After the resurrection, Jesus also did a lot of breathing on the disciples too. Easter is releasing, letting go of what was. Mary quite naturally would want to hold on tight to the manifestation of God she had come to know and deeply love. But Jesus knew better. Don’t hold on to this, Mary. God is everywhere, under your feet, in the air you breathe. I am behind and around you. I am in the stranger. I am at the table with your friends; I am in the bread.
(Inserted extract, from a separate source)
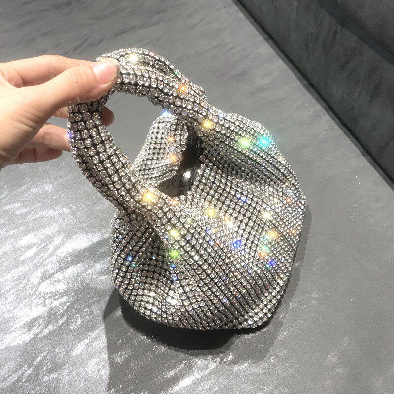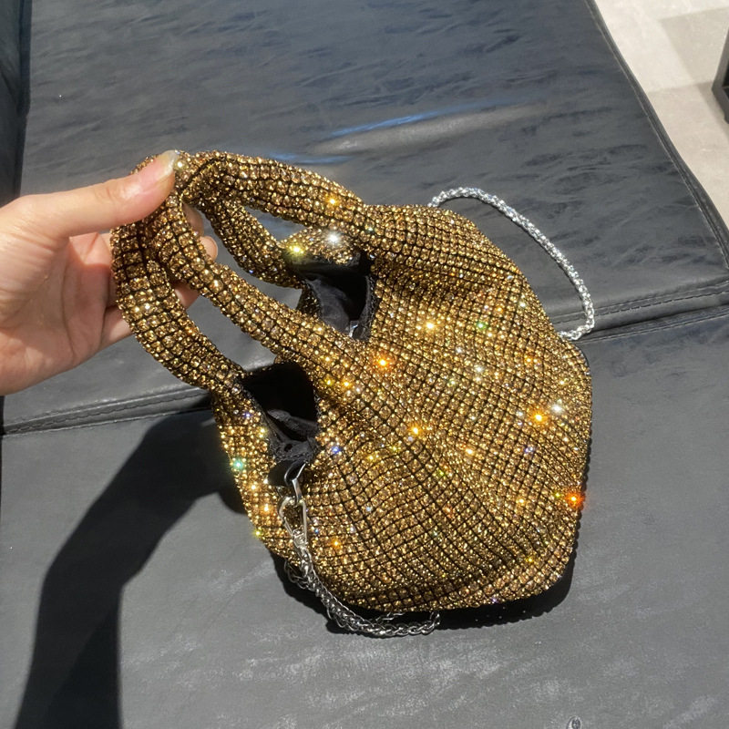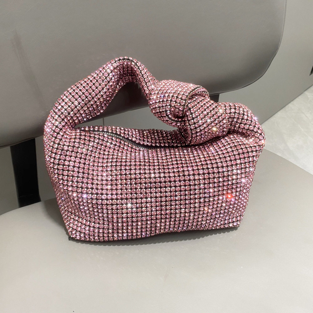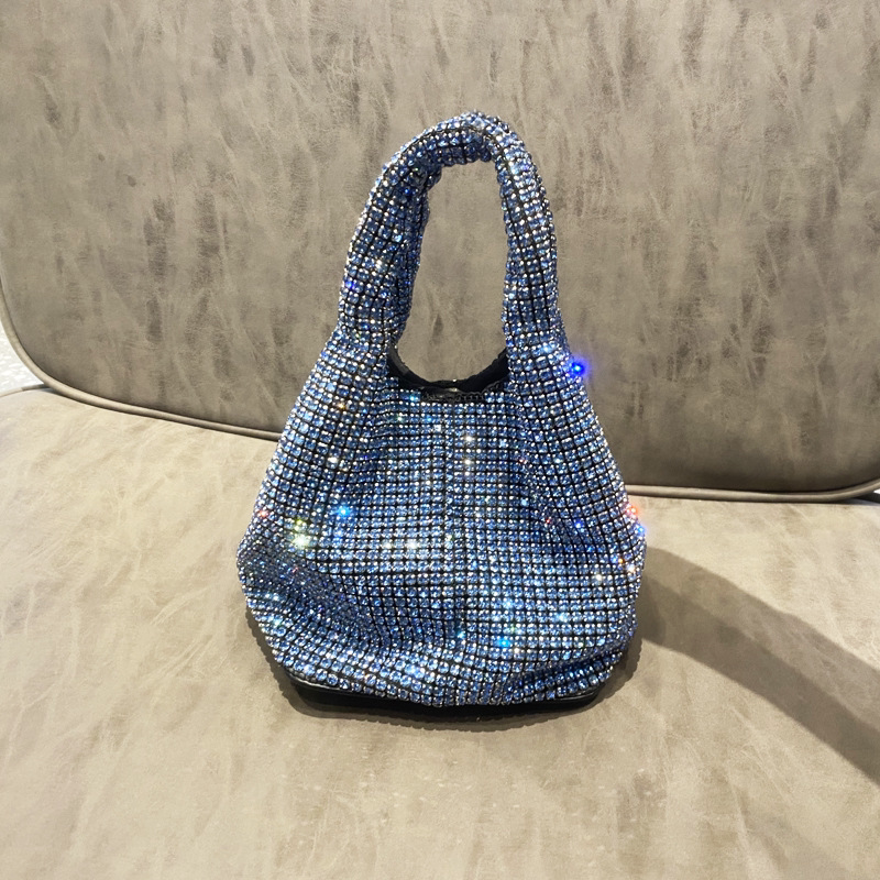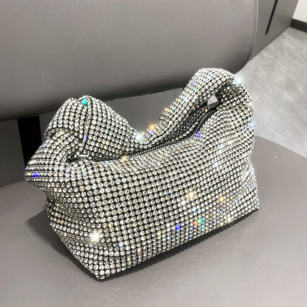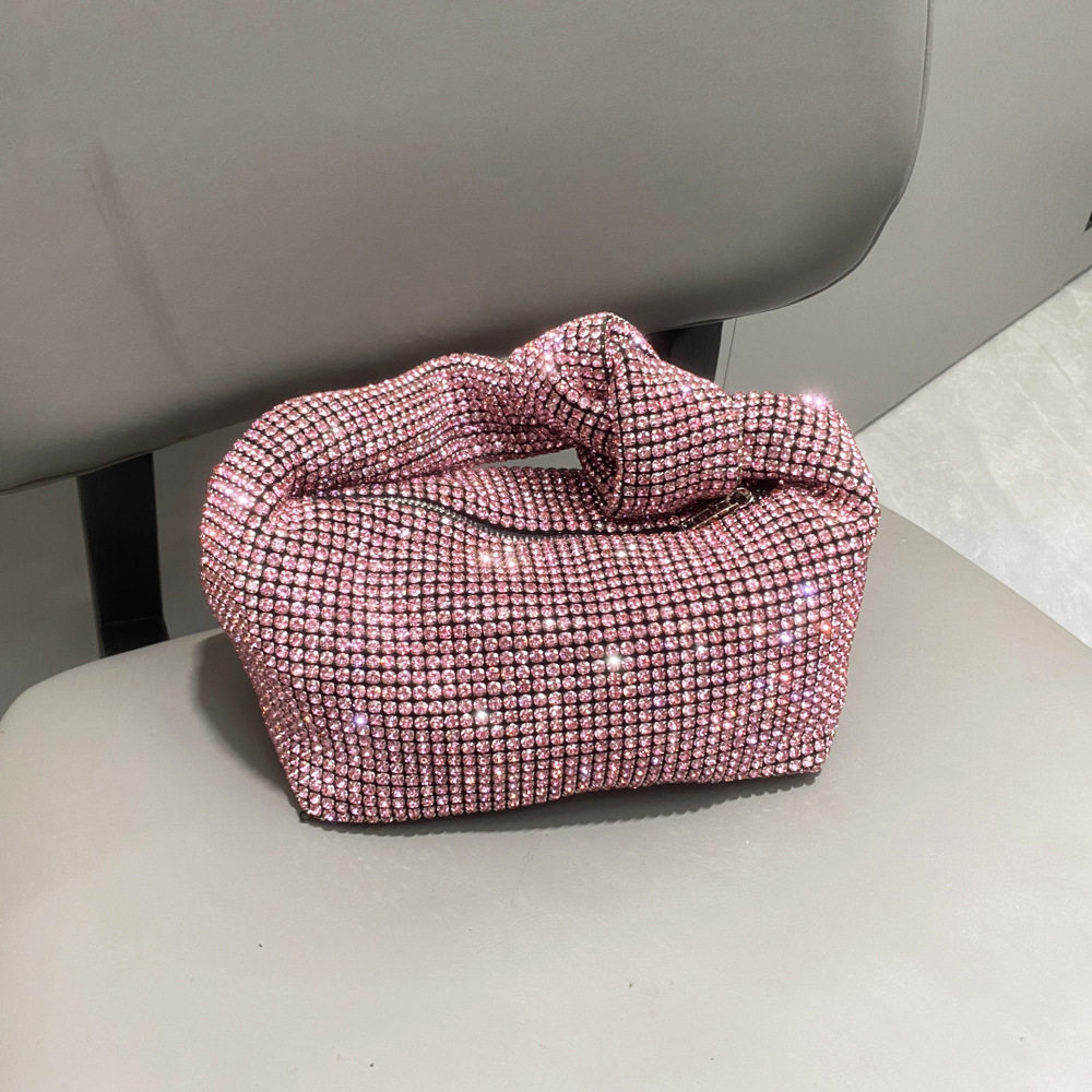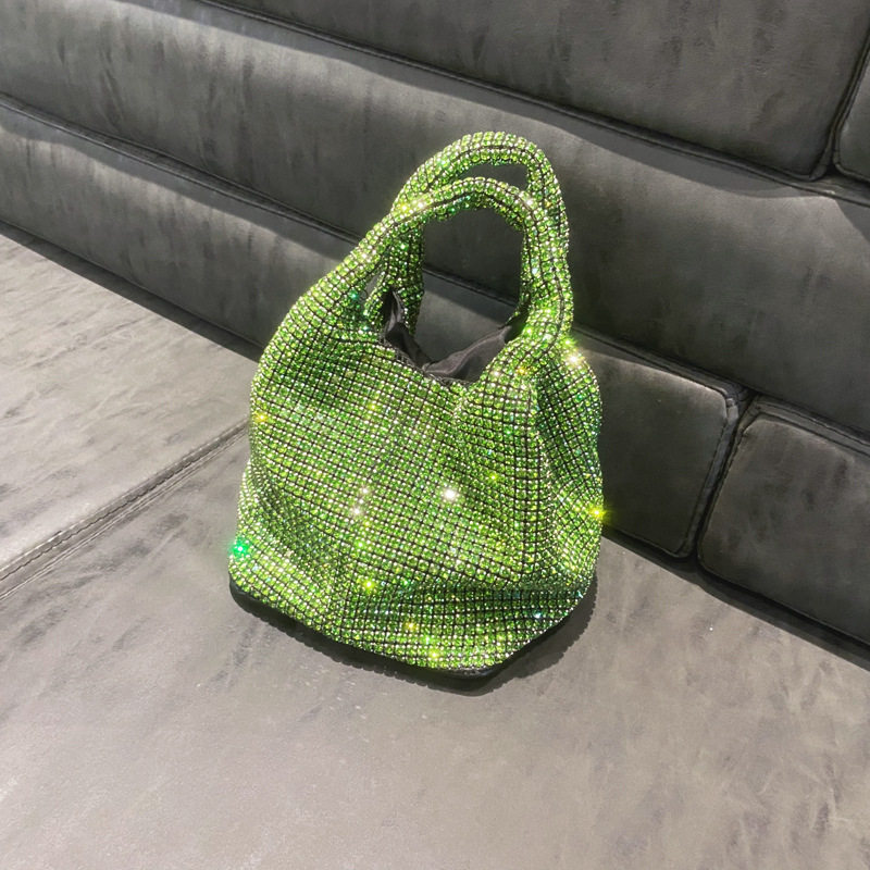 菜籃子水鑽包水桶包包女新款鑲鑽晚宴包手提斜背手拎包銀色粉

Jesus himself had done his own letting go. Oh, he had done everything in his power in his human lifetime to teach, to heal, to proclaim the good news. He had done everything he could to show people how to cross boundaries to help one another. He had done everything he could to prepare his disciples for what was to come after. But in the end, he’d let all of that go. He, just like all of us will one day, let go of life itself. He stopped clinging and grasping and gripping, and he gave up his spirit to the greater flow of all things that be. And he died on a cross in a posture that is burned into our Christian sensibilities forever: arms outstretched in surrender, open and unclenched.
The resurrection from the dead is just one more unclenching. Even the Death Grip is released in the Easter mystery. The cold tight grave of hell is opened forever to light and life and glory. Neither might the gates of death, nor the tomb’s dark portal, nor the watchers, nor the seal, hold you as a mortal.
I’ve been glad this week that some of the blooms, buds, and flowers stayed closed in the cold, closed and protected from the threat of frost. We, like they, stay tight and gripping to protect ourselves. It’s natural. But just like a bloom or bud or flower, you can’t see our whole beauty until we open up, until we unclench ourselves. There’s nothing to fear or protect anymore. There’s no use in holding up something that’s already been upheld.
What are you holding onto? Clinging to? You might be holding on to a manifestation of God that you have grown to love, but isn’t there anymore. You might be grasping onto control of something that’s impossible to control – especially if it involves another person or if it involves the future.
You might be clutching something you can’t even name, but you feel it in your shoulders, your brow, the bottoms of your feet, your chest, or your stomach. Jesus said, Don’t cling. Let go as I have let go.
Stop gripping this Easter. The oak tree can stand by itself. Or, the oak tree might not stand, but that’s its problem. The universe is unfolding as it should. God inside you is ready to be released and shown to the world. Go do something with that. Feel free.